2. yes i ALWAYS spend a lot of time conditioning the dog to actually like wearing it ... usually doesn't take that long, but not gonna waste time going into a muzzle conditioning "how tos" ... anyone here already knows how to do that 

anyway, that's about it...hope it makes it clearer if i wasn't, and if you already knew what i meant, sorry to waste your time reading it again


----------



## Joby Becker (Dec 13, 2009)

rick smith said:


> i think i have mentioned this before but since it has come up recently and i feel my comment was not understood i want to quickly explain myself a little better
> 
> - i have said many times i'm a big fan of muzzles and i use them a lot
> - BUT - a lot of this use is NOT to prevent a dog from biting anyone
> ...


great post..

but I am not above (or below) using a muzzle with a 'qualified' stranger to see what a dog intentions are...for safety purposes..


----------



## rick smith (Dec 31, 2010)

re: "but I am not above (or below) using a muzzle with a 'qualified' stranger to see what a dog intentions are...for safety purposes.."
.... for SURE !!.....i'm glad i live near a Navy base where i can find lots of volunteers to help me in the "stranger" category ...usually never costs me more than a beer or a big mac


----------



## Ashley Scott (Feb 9, 2012)

That's a great idea and one I may have to use every so often.
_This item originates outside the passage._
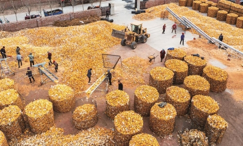 “地趴粮”是一种粗放的粮食储存方式,指的是玉米穗收获后,因农户家里没有储存设施,或缺少适宜装具,简单地堆放在地面储存。这种储粮方式有很多弊端:下层的粮食接触泥土,不利于通风干燥,容易霉变发芽,导致粮食品质降低;被老鼠偷吃、畜禽啃咬,籽粒脱落还会造成大量损耗。

All of my dogs are trained to a muzzle, if for nothing else, if they get hurt and have to be muzzled, it's something that they are used to. If I am out in public, I have also been known to use a service dog vest with "in training, please do not pet" on it. Most people are pretty respectful of that, and my dog doesn't get the jittery vibes from people walking past them that are afraid of dogs in muzzles. (*Note* I never try to go anywhere I shouldn't with my dog while in a service dog vest. I am just talking public parks, etc)


----------